Les patients atteints de PVTT survivent souvent moins d’un an. Le médicament de référence, le sorafénib (un comprimé qui ralentit la croissance tumorale), ne maintient la maladie stable que pendant quelques mois. Associer le sorafénib à la chimioembolisation transartérielle (TACE)—une procédure où la chimiothérapie est injectée dans les vaisseaux sanguins du foie, suivie de leur blocage—aide certains patients. Mais les études montrent que cette combinaison réduit le PVTT dans moins de 10 % des cas.
Une nouvelle approche : les graines radioactives rencontrent la chimio
En 2023, une étude a exploré l’ajout d’une troisième arme : la curiethérapie par graines d’iode-125. Voici comment cela fonctionne :
- Étape 1 : Les médecins réalisent une TACE pour couper l’approvisionnement sanguin de la tumeur et administrer la chimiothérapie.
- Étape 2 : Les patients prennent du sorafénib pour ralentir la croissance du cancer.
- Étape 3 : De minuscules implants radioactifs (graines d’iode-125) sont placés dans le PVTT à l’aide d’une aiguille guidée par des scanners CT. Ces graines émettent une faible dose de radiation pendant des mois, endommageant les cellules cancéreuses tout en épargnant les tissus sains.

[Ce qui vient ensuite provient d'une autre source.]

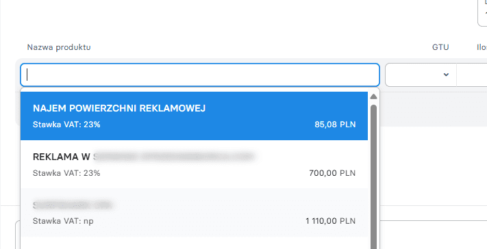 To samo jest z produktami lub usługami na fakturze. Możesz zapisać to, co sprzedajesz, a podczas wystawiania faktury tylko wybrać z listy, wraz z przypisaną ceną oraz stawką VAT.

Les chercheurs ont comparé deux groupes :
- Groupe 1 : 74 patients ont reçu TACE + sorafénib + graines d’iode (TACE-S-I).

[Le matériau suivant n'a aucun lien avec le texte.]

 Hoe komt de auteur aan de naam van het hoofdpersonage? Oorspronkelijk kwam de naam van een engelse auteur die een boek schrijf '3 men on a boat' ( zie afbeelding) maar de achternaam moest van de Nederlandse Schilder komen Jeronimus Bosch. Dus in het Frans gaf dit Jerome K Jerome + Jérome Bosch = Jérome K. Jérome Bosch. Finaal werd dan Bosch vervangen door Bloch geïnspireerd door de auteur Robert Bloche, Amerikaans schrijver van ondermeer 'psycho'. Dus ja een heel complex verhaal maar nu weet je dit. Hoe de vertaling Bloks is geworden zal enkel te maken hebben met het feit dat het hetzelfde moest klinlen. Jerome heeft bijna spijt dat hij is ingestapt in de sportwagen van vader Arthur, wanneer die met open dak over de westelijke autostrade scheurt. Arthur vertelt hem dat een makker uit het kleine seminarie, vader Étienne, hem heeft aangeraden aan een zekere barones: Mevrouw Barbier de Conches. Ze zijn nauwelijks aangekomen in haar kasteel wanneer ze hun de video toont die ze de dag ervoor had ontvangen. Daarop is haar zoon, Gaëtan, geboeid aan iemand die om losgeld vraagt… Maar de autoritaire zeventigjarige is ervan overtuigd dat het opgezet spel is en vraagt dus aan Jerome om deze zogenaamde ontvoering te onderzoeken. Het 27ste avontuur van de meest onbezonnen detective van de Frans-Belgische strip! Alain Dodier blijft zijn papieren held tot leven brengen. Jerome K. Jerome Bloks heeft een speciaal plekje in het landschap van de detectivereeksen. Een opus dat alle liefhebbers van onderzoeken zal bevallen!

- Groupe 2 : 97 patients ont reçu TACE + sorafénib seul (TACE-S).
Résultats clés : les graines ont-elles fait la différence ?
1. Réduction des amas
Les graines d’iode ont considérablement amélioré le contrôle du PVTT :
- 58 % des patients TACE-S-I ont vu leur PVTT rétrécir ou disparaître, contre 11 % dans le groupe TACE-S.
- Les tumeurs du foie ont également mieux répondu : 60 % vs. 31 % de réduction.
Notamment, les patients avec des amas plus petits (dans les branches de la veine porte, et non dans la veine principale) ont bénéficié le plus.
2. Gagner du temps
- Survie : Les patients TACE-S-I ont vécu une médiane de 23,5 mois, contre 12 mois pour TACE-S.
- Temps jusqu’à la progression : Le cancer a mis deux fois plus de temps à s’aggraver dans le groupe TACE-S-I (12 mois vs. 5 mois).
Pour les patients avec un PVTT dans les branches de la veine, les gains de survie étaient frappants. Ceux avec des amas dans la veine principale n’ont pas vu de bénéfice significatif, probablement parce que les amas plus grands sont plus difficiles à cibler.
3. Vérification de la sécurité
Les deux groupes ont présenté des effets secondaires similaires :
- Problèmes courants : Fatigue, diarrhée, réactions cutanées mains-pieds (liées au sorafénib).
- Problèmes graves : Environ 30 % dans les deux groupes ont eu des effets secondaires sérieux (par exemple, des dommages au foie).
Les graines n’ont causé aucune complication supplémentaire liée à la radiation.
Pourquoi les graines d’iode fonctionnent-elles ?
Les graines d’iode-125 libèrent lentement des radiations sur plusieurs mois. Contrairement à la radiothérapie externe (qui cible de grandes zones), les graines délivrent une énergie focalisée sur le PVTT. Cela :
- Endommage l’ADN des cellules cancéreuses, stoppant leur croissance.
- Déclenche une inflammation, alertant le système immunitaire pour attaquer les tumeurs.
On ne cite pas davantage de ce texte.